# Alex Library on strike,



## MaidenScotland (Jun 6, 2009)

Alexandria Library employees began an open-ended sit-in against Library Director Ismail Serageldin, whose dismissal they have been calling for since March. 

They accuse Serageldin of corruption, but despite his unpopularity, the library board of trustees renewed confidence in him last Thursday.

The employees called on the ruling Supreme Council of Armed Forces in a statement to dissolve the current board of trustees and appoint another board. They demanded the immediate removal of Serageldin and his aids and investigations into the corruption claims filed against them.

They also called for permanent contracts for temporary workers and the rehiring of unlawfully dismissed employees.

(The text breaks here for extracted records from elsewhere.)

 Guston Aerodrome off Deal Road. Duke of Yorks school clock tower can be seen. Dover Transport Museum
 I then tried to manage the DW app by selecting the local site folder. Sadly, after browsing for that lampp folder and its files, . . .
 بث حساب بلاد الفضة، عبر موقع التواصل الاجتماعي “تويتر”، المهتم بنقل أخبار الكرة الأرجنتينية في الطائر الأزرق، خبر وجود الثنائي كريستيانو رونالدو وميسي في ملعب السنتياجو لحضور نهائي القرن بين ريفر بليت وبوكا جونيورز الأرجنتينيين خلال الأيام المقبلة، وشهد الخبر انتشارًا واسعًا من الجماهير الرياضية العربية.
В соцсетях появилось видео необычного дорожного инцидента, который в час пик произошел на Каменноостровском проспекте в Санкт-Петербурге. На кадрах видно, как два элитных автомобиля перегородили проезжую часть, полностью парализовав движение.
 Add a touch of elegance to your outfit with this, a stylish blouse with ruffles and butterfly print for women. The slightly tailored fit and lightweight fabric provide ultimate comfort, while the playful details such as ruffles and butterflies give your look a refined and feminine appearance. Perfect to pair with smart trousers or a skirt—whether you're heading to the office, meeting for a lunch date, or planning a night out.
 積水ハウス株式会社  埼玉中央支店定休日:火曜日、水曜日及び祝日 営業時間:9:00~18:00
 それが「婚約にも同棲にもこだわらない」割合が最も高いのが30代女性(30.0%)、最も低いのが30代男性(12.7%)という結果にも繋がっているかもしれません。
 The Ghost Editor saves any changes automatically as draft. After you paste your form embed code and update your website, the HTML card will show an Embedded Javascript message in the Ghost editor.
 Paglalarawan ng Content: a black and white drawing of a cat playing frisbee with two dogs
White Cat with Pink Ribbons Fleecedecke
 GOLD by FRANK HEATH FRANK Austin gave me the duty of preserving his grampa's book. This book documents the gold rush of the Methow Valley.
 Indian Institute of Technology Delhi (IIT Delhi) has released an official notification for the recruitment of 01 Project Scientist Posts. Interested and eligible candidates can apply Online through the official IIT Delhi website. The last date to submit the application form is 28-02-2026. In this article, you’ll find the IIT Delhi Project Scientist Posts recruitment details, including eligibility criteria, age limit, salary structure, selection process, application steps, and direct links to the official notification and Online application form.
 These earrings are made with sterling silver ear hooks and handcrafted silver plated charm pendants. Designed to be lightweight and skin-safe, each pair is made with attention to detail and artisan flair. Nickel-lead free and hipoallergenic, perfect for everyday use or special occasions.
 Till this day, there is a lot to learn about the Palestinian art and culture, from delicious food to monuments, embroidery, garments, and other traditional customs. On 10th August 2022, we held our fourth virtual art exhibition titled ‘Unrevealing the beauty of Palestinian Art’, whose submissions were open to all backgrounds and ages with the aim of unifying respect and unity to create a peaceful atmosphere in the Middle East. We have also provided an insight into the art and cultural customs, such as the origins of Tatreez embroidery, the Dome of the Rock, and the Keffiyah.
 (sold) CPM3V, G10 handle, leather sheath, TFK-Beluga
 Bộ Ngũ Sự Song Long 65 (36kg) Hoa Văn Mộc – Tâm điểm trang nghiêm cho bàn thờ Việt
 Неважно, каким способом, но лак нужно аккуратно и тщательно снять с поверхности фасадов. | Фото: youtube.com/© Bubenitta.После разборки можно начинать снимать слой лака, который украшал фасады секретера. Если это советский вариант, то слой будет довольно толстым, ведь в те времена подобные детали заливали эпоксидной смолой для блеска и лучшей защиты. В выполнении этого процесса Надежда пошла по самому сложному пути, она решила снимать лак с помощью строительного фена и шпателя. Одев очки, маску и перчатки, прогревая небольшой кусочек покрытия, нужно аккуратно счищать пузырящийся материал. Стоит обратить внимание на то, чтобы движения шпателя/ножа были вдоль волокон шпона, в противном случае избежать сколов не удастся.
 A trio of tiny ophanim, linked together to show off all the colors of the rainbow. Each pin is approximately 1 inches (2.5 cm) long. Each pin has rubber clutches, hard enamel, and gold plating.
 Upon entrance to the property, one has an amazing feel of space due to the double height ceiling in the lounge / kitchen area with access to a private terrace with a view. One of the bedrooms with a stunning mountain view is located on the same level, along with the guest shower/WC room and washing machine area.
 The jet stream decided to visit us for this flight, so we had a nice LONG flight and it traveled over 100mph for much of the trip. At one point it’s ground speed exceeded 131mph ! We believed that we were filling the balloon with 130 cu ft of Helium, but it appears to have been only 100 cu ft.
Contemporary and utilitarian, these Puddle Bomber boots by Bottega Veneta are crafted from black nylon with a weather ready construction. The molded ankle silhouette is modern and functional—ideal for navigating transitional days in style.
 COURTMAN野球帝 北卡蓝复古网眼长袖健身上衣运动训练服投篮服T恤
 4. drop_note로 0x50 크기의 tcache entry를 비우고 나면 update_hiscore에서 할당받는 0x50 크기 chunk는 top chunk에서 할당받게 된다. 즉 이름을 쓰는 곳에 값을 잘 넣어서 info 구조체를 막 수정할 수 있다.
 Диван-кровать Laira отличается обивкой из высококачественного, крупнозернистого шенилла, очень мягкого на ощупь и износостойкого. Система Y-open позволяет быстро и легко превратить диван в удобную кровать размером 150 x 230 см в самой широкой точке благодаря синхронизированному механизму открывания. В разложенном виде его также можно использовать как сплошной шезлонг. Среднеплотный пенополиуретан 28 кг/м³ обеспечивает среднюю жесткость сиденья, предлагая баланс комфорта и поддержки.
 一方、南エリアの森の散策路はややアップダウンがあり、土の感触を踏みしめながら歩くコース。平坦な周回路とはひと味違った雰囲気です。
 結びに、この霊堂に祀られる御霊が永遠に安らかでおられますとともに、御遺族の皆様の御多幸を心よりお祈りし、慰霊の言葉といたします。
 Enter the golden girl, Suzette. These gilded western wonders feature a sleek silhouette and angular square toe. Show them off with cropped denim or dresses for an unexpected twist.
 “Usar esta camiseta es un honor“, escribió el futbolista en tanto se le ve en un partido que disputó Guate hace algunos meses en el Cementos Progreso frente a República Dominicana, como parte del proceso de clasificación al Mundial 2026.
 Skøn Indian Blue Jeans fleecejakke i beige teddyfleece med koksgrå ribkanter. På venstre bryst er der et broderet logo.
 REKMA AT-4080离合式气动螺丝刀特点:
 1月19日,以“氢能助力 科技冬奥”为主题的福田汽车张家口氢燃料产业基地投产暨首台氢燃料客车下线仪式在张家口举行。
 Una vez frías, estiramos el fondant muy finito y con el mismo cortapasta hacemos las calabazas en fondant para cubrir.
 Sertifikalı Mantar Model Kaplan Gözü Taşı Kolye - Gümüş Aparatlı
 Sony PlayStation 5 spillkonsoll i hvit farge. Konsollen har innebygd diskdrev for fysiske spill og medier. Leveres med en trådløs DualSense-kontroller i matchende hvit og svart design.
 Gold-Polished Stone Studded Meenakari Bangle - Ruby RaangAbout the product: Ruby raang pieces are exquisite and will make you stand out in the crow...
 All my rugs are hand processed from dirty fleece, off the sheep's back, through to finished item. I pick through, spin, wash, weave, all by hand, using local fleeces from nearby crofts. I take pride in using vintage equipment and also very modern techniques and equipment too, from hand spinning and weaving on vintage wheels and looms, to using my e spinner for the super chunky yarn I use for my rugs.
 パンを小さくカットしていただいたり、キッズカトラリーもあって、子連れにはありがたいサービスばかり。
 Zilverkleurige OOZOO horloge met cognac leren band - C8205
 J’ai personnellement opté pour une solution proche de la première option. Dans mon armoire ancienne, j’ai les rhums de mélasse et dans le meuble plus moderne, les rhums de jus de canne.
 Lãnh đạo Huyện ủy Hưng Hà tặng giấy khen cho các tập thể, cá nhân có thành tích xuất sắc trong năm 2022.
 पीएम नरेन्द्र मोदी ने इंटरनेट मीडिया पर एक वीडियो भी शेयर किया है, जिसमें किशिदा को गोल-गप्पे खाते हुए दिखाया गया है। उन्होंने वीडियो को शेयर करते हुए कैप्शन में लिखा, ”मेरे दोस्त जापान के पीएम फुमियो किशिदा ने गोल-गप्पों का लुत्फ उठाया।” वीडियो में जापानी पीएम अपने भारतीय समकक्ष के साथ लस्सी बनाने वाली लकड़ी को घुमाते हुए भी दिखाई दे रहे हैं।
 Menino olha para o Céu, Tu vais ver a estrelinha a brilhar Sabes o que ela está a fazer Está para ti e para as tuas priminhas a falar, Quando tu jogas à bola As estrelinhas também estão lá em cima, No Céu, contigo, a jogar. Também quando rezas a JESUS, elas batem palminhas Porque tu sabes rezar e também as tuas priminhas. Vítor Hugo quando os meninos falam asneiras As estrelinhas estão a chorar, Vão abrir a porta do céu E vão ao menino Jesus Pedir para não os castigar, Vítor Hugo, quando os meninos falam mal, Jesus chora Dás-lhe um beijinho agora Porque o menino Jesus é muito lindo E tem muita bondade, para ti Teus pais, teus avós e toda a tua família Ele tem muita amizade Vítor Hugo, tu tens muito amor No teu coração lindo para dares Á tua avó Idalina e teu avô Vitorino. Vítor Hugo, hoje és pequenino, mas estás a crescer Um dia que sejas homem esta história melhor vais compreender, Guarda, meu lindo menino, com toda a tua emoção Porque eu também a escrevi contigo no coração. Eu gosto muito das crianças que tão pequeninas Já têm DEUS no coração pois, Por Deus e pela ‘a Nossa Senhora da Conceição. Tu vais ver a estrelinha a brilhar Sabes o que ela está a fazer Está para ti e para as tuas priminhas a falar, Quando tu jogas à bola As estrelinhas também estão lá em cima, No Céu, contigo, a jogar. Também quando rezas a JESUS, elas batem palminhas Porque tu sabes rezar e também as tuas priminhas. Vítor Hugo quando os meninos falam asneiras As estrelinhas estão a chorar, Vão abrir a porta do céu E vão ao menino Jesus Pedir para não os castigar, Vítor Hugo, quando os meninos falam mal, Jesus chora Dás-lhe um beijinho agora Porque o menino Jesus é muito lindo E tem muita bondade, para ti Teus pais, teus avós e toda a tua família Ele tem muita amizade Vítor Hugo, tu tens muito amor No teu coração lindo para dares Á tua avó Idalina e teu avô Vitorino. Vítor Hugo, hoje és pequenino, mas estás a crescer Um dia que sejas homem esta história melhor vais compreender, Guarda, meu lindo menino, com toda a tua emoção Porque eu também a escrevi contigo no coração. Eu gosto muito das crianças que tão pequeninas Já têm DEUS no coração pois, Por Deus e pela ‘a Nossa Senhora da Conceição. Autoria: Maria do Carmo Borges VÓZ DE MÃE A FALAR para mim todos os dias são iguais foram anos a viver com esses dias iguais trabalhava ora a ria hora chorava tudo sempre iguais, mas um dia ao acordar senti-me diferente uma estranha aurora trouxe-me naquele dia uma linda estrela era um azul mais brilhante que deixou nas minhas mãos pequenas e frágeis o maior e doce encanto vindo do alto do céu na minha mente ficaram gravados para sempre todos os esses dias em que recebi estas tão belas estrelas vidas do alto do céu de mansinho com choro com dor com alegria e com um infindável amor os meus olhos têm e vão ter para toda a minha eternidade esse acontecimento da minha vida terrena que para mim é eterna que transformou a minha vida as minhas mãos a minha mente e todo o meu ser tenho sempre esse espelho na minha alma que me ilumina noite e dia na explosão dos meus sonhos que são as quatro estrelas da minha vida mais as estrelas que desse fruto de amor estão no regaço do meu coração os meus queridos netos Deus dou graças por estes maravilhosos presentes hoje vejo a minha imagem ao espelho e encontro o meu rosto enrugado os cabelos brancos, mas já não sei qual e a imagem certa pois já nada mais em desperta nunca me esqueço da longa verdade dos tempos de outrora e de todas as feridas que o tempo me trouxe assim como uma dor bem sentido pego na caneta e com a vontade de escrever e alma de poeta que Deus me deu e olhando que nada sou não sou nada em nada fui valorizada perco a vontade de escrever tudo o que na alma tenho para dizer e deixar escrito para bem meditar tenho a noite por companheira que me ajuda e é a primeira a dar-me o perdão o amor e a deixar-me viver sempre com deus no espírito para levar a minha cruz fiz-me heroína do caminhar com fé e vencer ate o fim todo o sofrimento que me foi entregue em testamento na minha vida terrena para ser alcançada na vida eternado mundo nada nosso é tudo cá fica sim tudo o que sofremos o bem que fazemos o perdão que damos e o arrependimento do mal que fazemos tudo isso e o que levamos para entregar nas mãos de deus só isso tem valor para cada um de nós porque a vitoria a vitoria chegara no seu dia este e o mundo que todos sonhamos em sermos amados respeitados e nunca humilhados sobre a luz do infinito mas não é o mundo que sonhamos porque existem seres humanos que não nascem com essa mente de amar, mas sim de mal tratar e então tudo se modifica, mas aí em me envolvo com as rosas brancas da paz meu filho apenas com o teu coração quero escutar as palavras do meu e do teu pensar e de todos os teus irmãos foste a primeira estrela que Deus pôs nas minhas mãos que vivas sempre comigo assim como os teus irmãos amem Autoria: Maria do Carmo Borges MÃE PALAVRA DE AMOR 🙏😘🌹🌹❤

“The message of the Bibliotheca Alexandrina, under Serageldin’s administration, was completely devoted to embellish Mubarak’s regime by pretending to advocate the causes of tolerance, human rights, freedom of expression and dialogue,” protesters said in a statement.

The library staff also demonstrated in March to depose Serageldin, labeling him as “one of the figures of the ousted regime.”

Mostafa Bakry, a former independent member of parliament, filed a report with the public prosecution in March alleging that donations to the library were transferred to a bank account controlled by former First Lady Suzanne Mubarak.

Serageldin denied any knowledge of this bank account, which reportedly contained US$147 million.


----------